- _Activity_:
Leave the pictures out and write out exactly the lines from the top of the entries through the line containing "据悉,经过双方数十次实验后,AKOKO发".

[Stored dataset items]
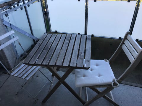 8. Sæt bordpladen på stellet, og så er det klar til et koldt glas vin på terrassen.
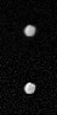 Voyager 2 took this photo sequence of Saturn's outer satellite, Phoebe, on Sept. 4, 1981, from 2.2 million kilometers (1.36 million miles) away. The top image is the normal version and the bottom is an enhanced version to increase resolution. This sequence lasts 23.4 hours and contains 35 images. The early images were taken about 43 minutes apart, while the later ones are about 29 minutes apart. There are two significant gaps in the sequence: images 7 and 8 are separated by 2.3 hours and images 19 and 20 are separated by 2.8 hours.
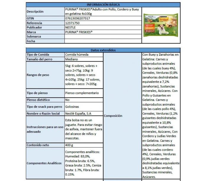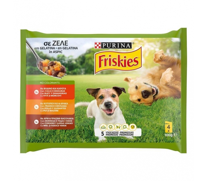 COMIDA PERRO BUEY, POLLO Y CORDERO CON VERDURAS FRISKIES PACK 4X100 GR.
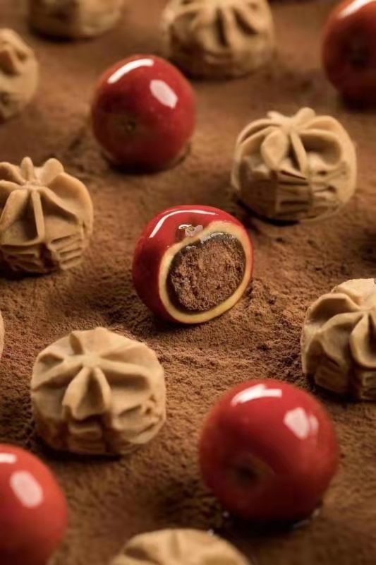 据悉,经过双方数十次实验后,AKOKO发现把成品曲奇捣碎后融入冰糖葫芦的内馅口感最佳,可以让产品的口味达到1+1>2的效果。山楂洗净后用专业工具上下祛籽,将混入曲奇的馅料再滚上一层曲奇碎,之后以专用工具注芯到山楂孔洞内填实抹平。当AKOKO的经典小花曲奇融入冰糖葫芦的内馅中,冰冻后,每一口都像在吃冰淇淋,细腻丝滑,口感非常神奇。
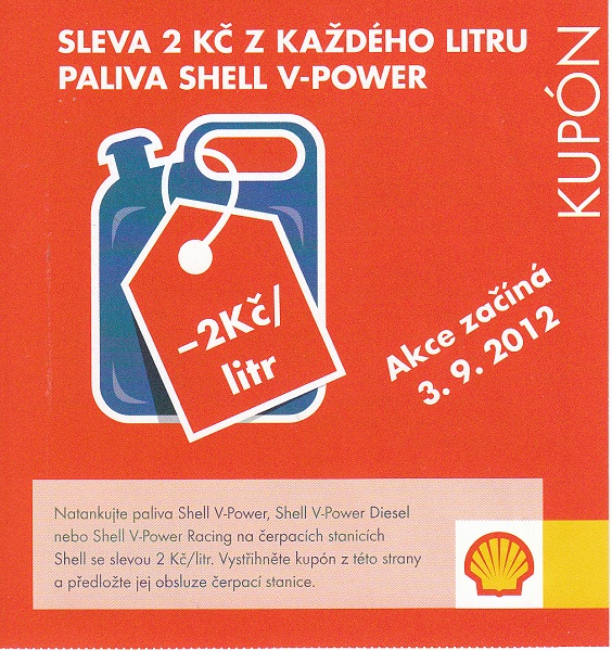 Pánové, slevu 2 Kč/litr dostanete pouze po předložení kuponu. Kupon najdete pouze v katalogu, který si koupíte přímo u pokladny a stojí 24,- Kč nebo vám ho dají za body uložené na vaší Clubsmart kartě a to za rovných 50 bodů. Platnost kuponu je do 31.10. 2012. Na jeden kupon lze natankovat maximálně 70 litrů. Při jednom natankování lze uplatnit pouze jeden kupon. Dole na obrázku máte kupon a titulní stránku jejich katalogu.
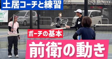【前衛の動きを徹底練習】テニス 土居コーチと一緒に積極的な前衛の動きを練習2023年2月8日の女子ダブルス交流イベントのレッスンコート、前衛の動きを…

- _Your solution_:
 8. Sæt bordpladen på stellet, og så er det klar til et koldt glas vin på terrassen.
 Voyager 2 took this photo sequence of Saturn's outer satellite, Phoebe, on Sept. 4, 1981, from 2.2 million kilometers (1.36 million miles) away. The top image is the normal version and the bottom is an enhanced version to increase resolution. This sequence lasts 23.4 hours and contains 35 images. The early images were taken about 43 minutes apart, while the later ones are about 29 minutes apart. There are two significant gaps in the sequence: images 7 and 8 are separated by 2.3 hours and images 19 and 20 are separated by 2.8 hours.
 COMIDA PERRO BUEY, POLLO Y CORDERO CON VERDURAS FRISKIES PACK 4X100 GR.
 据悉,经过双方数十次实验后,AKOKO发现把成品曲奇捣碎后融入冰糖葫芦的内馅口感最佳,可以让产品的口味达到1+1>2的效果。山楂洗净后用专业工具上下祛籽,将混入曲奇的馅料再滚上一层曲奇碎,之后以专用工具注芯到山楂孔洞内填实抹平。当AKOKO的经典小花曲奇融入冰糖葫芦的内馅中,冰冻后,每一口都像在吃冰淇淋,细腻丝滑,口感非常神奇。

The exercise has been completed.